Combination therapies are generally preferred. That is, those that use two or more options in the process. Today, we’ll focus on the standard treatment of lung cancer. In other words, the alternatives that are used throughout the world as a procedure to cope with the disease. There are dozens of ongoing clinical trials that are emerging as possible options in the future.
Surgery
According to the American Lung Association, surgery’s the best treatment option when the cancer is localized and hasn’t spread to other parts of the body.
It’s often chosen when early stage non-small cell lung cancer or carcinoid tumors have been found in a single lung. Following the National Cancer Institute, these are the available options:
- Wedge resection: This consists of removing the tumor and part of the tissue that surrounds it.
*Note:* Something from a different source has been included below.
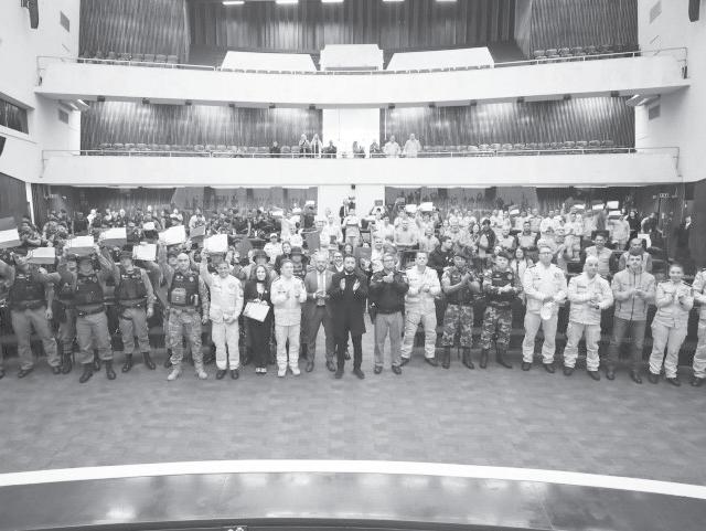 O proponente da sessão solene e presidente da Comissão de Segurança Pública da Assembleia Legislativa, deputado Soldado Adriano José (PP), justificou a homenagem oferecida às Forças da Segurança Pública”. n

When the tissue extraction must be greater than expected, it’s called segmental resection surgery. Researchers recommend the latter because of its higher survival rate after the intervention.
- Lobectomy: This is the standard procedure to treat lung cancer with surgery. During the procedure, one of the lung’s lobes is removed (the right has three, the left two). When it has to be done in both lungs, it’s called a bilobectomy.
- Sleeve resection: Also known as sleeve lobectomy. In this case, the lobe and part of the bronchus are removed. Studies recommend its application, whenever possible, to avoid pneumonectomy.
- Pneumonectomy: This refers to the intervention in which the entire lung is removed. Doctors choose this course of action when the cancer can’t be treated with the previous options or is located in the center of the lung.
Surgery may be accompanied by chemotherapy or radiation therapy sessions to eliminate traces of cancer cells in the body. This is known as adjuvant therapy and is used to reduce the chances that the cancer will come back.
Chemotherapy
As Johns Hopkins Medicine points out, chemotherapy treatment for lung cancer aims to destroy tumor cells throughout the body. It can be used to shrink the tumor, prevent it from spreading, or relieve the patient’s symptoms. It is used before or after surgery, although it can also be used as the only main therapy.
Its administration is based on cycles. Each cycle has a recovery period. During the process, healthy cells can be destroyed, resulting in side effects such as hair loss, suppression of the immune system, and fatigue. To reduce complications, the specialist can use a regional or specific therapy, which focuses only on the affected area.
Some of the drugs used during chemotherapy in lung cancer patients are Platinol (cisplatin), Gemzar (gemcitabine), Taxotere (docetaxel), and Taxol (paclitaxel), among others.
Radiation
Radiation therapy uses high-energy x-rays to prevent cancer cells from growing or to kill them completely. We can divide it into external and internal. In the latter case, radioactive implants are used within the cancerous tumor. The first option, external radiation, is the one most used by specialists. We can highlight the following side effects after its application:
- Fatigue
- Cough
- Mild skin reactions
- Throat pain
- Inflammation of the lungs
Researchers support its use in the early stages of cancer, although it can also be used when it is advanced. The therapy is painless and lasts on average 15 minutes.
Targeted therapies
As we briefly mentioned in the chemotherapy section, targeted therapies are being used with increasing frequency. This type of treatment reduces side effects and focuses efforts on certain biomarkers of malignant cells.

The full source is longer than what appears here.